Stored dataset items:
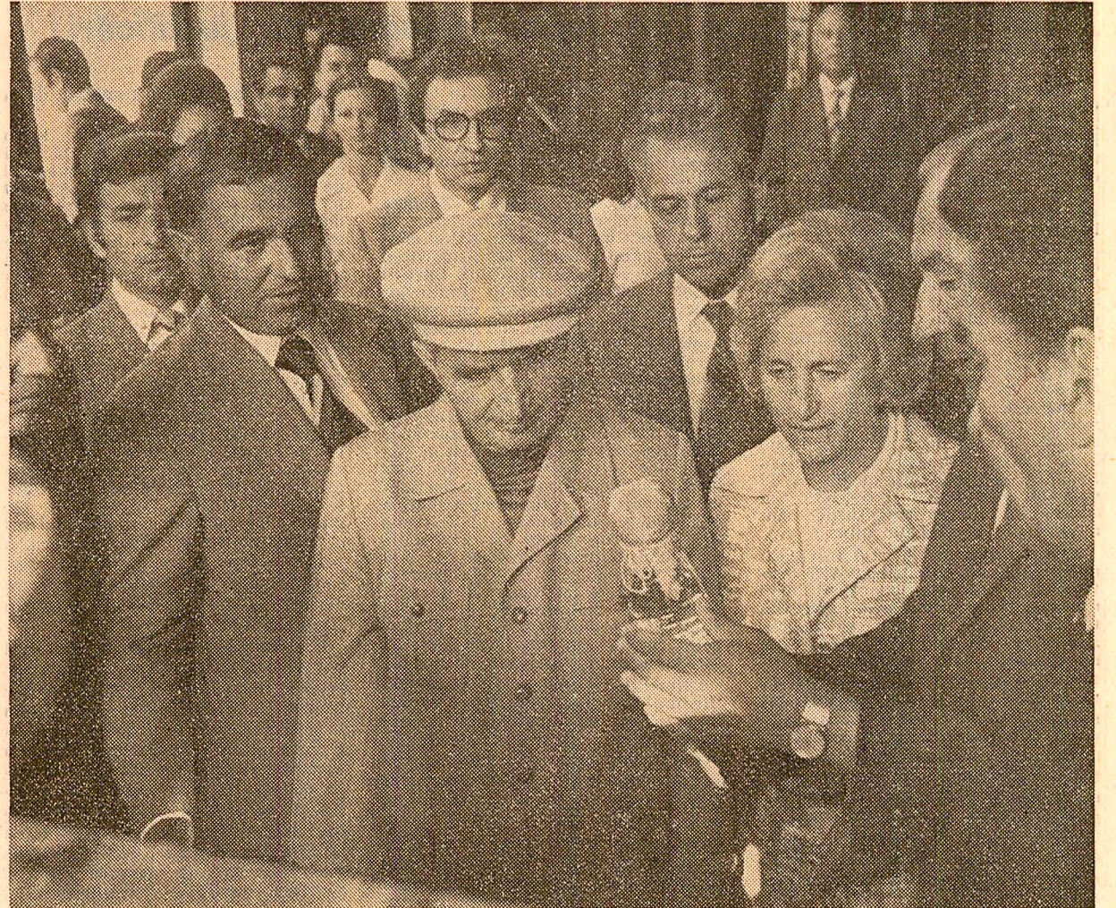
Sunt prezentate produse ale întreprinderii de bioproteine
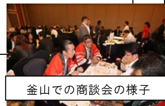
釜山での商談会の様子
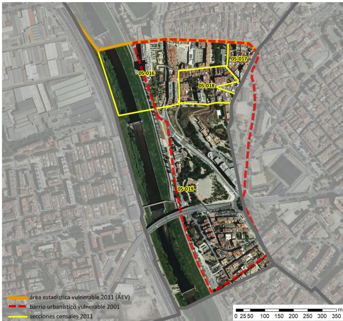
Localización en detalle del AEV
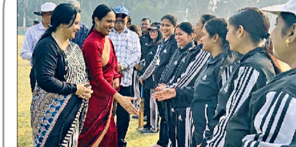
खिलाड़ियों का परिचय लेकर मैच शुरू करवाते हुए।
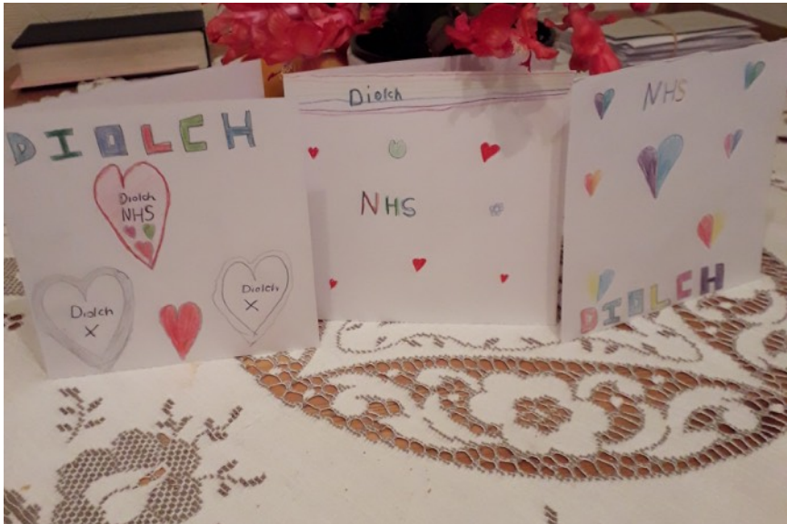
Cardiau'r plant yn diolch i'r NHS

Os gwyddoch chi am unrhyw blant fyddai'n mwynhau'r cyfle i ymuno â sesiynau bywiog yr ysgol Sul am 10.30 o'r gloch dros Zoom ar fore Sul, anfonwch air at y Gweinidog, y Parch Watcyn James. Croeso cynnes i bawb.
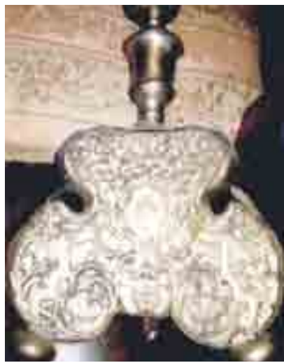
Ob zmagi na Mengeškem polju so v zahvalo za pomoč Avstrijci kupili tale svečnik cerkvi na homškem hribu.

Francozom v deželah, ki so jih začasno osvojili, potem tudi niso cvetele rožice, kakor tudi v Evropi ne. Napoleonova zvezda je dokončno ugasnila s tridnevno bitko pri Leipzigu – 16., 18. in 19. oktobra 1813, saj je tedaj generalu Marmontu prišepnil: »Moja šahovnica se mi je podrla!«
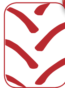
Maximo Radial 85
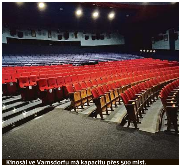
Kinosál ve Varnsdorfu má kapacitu přes 500 míst.

Rozhodl se tedy, že naváže na historii výroby svého otce, a provoz následně obnovil. V devadesátých letech byl o neonové reklamy velký zájem, což znovuotevřenému podniku prospělo. „Neon se stále používá, pořád ho vyrábíme, nedávno jsme dělali třeba rekonstrukci neonu na Bílé labuti nebo rekonstrukci neonů na plastiku Zdeňka Pešánka z třicátých let,“ uzavírá pro Metro Nejtek a doplňuje, že neonová svítidla z jeho výroby zdobí i vnitřní prostory kina. ANEŽKA VONDRÁKOVÁ
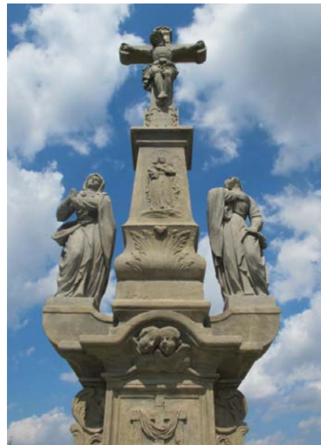
Stav po restaurování
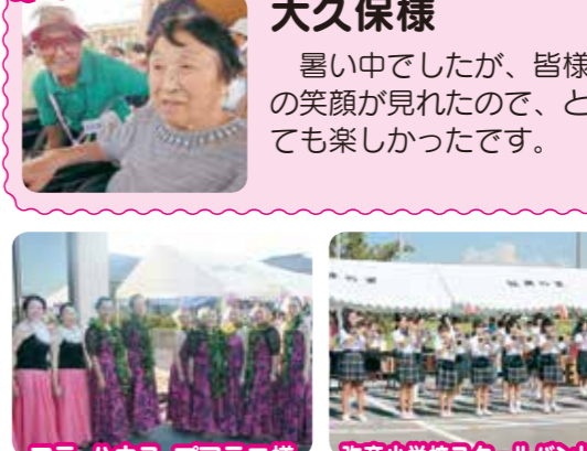
フラハウス フアラミ様
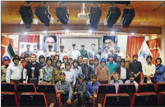
۵۰ کلاه ایمنی به موتورسیکلت‌سواران کلاچای کپلان اهدا شد. خریداری این کلاه‌های ایمنی به ارزش ۷ میلیون تومان به همت شهرداری کلاچای و پلیس راهور شهرستان رودسر انجام شد. (صنعت ایران)

- Activity
Pick up at the line containing "Stav po restaurování" and copy each line exactly until the data ends, including that last line; copy no pictures.

- Finished task
Stav po restaurování
フラハウス フアラミ様
۵۰ کلاه ایمنی به موتورسیکلت‌سواران کلاچای کپلان اهدا شد. خریداری این کلاه‌های ایمنی به ارزش ۷ میلیون تومان به همت شهرداری کلاچای و پلیس راهور شهرستان رودسر انجام شد. (صنعت ایران)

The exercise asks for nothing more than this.